# Performance Analysis of 4-Bit Multiplier using 90nm Technology

Anurag Chauhan
Department of ECE,
Delhi Technological University,
Delhi, India
anuragchauhan@dtu.ac.in

Amit Kumar Meena
Department of ECE,
Delhi Technological University,
Delhi, India
amitkumarmeena\_2k18ec028@dtu.ac.in

Amit Kumar
Department of ECE,
Delhi Technological University,
Delhi, India
amitkumar 2k18ec026@dtu.ac.in

Amit Kumar
Department of ECE,
Delhi Technological University,
Delhi, India
amitkumar\_2k18ec027@dtu.ac.in

Abstract— This paper explores three different 4-bit multipliers built using a modified full adder at the 90nm technology and compares low-power, high-speed multiplier designs with their CMOS counterparts. Since the multiplier block consumes a lot of power and plays a big part in the circuit's speed, the proposed multiplier will help in optimizing and enhancing the circuit performance. Our analysis results suggest that the proposed multipliers offer a decrease in power up to ~47.6%, a decrease in delay up to ~63.96%, and a decrease in transistor count up to ~58.7% when compared with the CMOS based designs.

Keywords— Multiplier, Low Power Application, Delay, Power Dissipation, Area, Pass Transistor Logic (PTL), Adder

### I. INTRODUCTION

With the advancement of integration scale, the density of functionalities needed to be implemented on a chip is also increasing many folds. These functionalities use a lot of energy and computing power. Power dissipation along with speed and area has become an issue for integrated circuit designers [1]. Low-power systems were developed as a result of two key considerations. Firstly, an increase in integration has resulted in an increased capacity in processing. It leads to high current flow and therefore overheating of ICs. Secondly, the low power design allows for longer operation of these devices even with the finite battery capacity [2].

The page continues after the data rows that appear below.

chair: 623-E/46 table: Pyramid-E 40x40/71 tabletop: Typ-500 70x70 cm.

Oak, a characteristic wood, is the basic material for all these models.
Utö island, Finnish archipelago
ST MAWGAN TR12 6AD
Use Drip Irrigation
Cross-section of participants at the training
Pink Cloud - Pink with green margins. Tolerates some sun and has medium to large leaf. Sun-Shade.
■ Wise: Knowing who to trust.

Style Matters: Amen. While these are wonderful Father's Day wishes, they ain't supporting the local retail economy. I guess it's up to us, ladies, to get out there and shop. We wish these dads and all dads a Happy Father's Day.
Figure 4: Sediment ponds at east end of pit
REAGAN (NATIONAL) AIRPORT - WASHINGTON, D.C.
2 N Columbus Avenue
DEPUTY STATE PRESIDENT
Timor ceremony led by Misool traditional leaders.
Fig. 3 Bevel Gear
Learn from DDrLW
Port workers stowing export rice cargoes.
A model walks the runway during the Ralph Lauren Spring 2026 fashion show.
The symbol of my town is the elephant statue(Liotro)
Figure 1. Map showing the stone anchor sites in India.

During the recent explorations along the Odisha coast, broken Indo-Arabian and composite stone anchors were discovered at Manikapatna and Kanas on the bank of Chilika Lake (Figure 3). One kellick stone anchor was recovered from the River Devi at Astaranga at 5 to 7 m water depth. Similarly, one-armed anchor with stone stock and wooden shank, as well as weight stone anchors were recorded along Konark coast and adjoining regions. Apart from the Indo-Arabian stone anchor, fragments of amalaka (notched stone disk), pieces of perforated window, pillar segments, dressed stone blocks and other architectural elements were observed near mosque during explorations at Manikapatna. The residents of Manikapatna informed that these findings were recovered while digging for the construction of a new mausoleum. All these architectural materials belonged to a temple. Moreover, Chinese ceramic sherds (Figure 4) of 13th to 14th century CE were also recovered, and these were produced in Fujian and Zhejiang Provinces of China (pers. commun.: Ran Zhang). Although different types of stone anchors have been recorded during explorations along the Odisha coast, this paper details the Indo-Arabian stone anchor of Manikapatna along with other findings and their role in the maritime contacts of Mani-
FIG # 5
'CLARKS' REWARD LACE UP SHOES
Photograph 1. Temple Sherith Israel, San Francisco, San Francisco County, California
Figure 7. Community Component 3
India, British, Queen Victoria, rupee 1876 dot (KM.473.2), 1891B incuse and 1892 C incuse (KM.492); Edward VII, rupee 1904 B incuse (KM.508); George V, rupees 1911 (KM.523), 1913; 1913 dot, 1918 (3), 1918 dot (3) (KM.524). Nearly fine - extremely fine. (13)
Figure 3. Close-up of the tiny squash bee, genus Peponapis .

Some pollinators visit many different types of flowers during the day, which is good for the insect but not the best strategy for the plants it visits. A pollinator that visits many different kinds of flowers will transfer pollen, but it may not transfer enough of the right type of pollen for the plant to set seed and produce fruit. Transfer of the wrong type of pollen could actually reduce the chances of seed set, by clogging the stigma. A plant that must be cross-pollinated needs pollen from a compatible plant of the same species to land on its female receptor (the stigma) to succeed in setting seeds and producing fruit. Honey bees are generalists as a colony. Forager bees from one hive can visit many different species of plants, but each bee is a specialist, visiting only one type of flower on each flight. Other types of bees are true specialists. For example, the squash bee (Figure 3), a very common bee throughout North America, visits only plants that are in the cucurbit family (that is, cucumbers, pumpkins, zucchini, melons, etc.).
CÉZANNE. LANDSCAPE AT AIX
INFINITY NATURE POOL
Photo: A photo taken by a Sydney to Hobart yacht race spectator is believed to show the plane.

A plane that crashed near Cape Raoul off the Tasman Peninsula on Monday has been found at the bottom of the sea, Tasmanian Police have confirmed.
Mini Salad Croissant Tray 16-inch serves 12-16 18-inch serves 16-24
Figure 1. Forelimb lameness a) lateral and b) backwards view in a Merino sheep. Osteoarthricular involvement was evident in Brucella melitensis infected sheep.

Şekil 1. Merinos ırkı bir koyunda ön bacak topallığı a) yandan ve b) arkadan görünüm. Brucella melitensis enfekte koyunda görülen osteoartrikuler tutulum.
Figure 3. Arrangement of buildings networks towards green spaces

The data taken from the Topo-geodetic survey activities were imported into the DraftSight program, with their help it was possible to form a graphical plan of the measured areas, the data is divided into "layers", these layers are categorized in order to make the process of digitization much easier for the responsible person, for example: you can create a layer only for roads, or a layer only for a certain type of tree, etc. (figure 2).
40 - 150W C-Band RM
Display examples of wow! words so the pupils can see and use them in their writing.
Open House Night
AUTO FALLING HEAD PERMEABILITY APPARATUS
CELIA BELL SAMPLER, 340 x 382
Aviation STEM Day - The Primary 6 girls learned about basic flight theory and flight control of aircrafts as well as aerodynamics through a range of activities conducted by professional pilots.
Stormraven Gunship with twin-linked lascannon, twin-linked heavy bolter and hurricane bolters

Multiplication has its great significance in the majority of signal processing methods. The multiplier is usually the slowest part of the circuit, hence its performance directly determines the system's total performance [3]. The multiplier's speed and the area is a crucial design considerations. Since all multipliers employ full adders, the multiplier' can be improved by using more efficient adders. However, area requirement and the speed of the circuit are mostly inversely proportional to each other therefore it would be interesting to design various multipliers with optimized speed-area constraints. In this paper, we report a PTL based full adder. The most commonly used multipliers array, Wallace tree, and DADDA multiplier have also been designed and analyzed based on the PTL based full adder. The simulations to analyze power and delay have been carried out at 90nm technology using the cadence virtuoso toolkit.

#### II. RELATED WORK

# A. Array Multiplier

Array multiplier is basically an effective design of a combinational multiplier as shown in Fig. 1. All the product bits can be formed at once by multiplying two binary numbers for one micro-operation and this makes it a quick way of multiplying two numbers because the only delay for the signals is the period that radiates through the gates which form the multiplication array [4]. Multiplication is done only on the number's logic 0 and logic 1, i.e., binary numbers.



Fig. 1. 4×4 Array Multiplier

The multiplication is carried out using the following basic multiplication rules:  $0 \times 1 = 0$ ,  $0 \times 0 = 0$ ,  $1 \times 1 = 1$  and  $0 \times 1 = 0$ . If we multiply two 4 bit numbers, 0100 and 0110, then the result of that multiplication is an 8-bit value i.e., 00011000.

For n bit multiplier, n(n-2) FA, n HA, and  $n^2$  AND gates are required [5].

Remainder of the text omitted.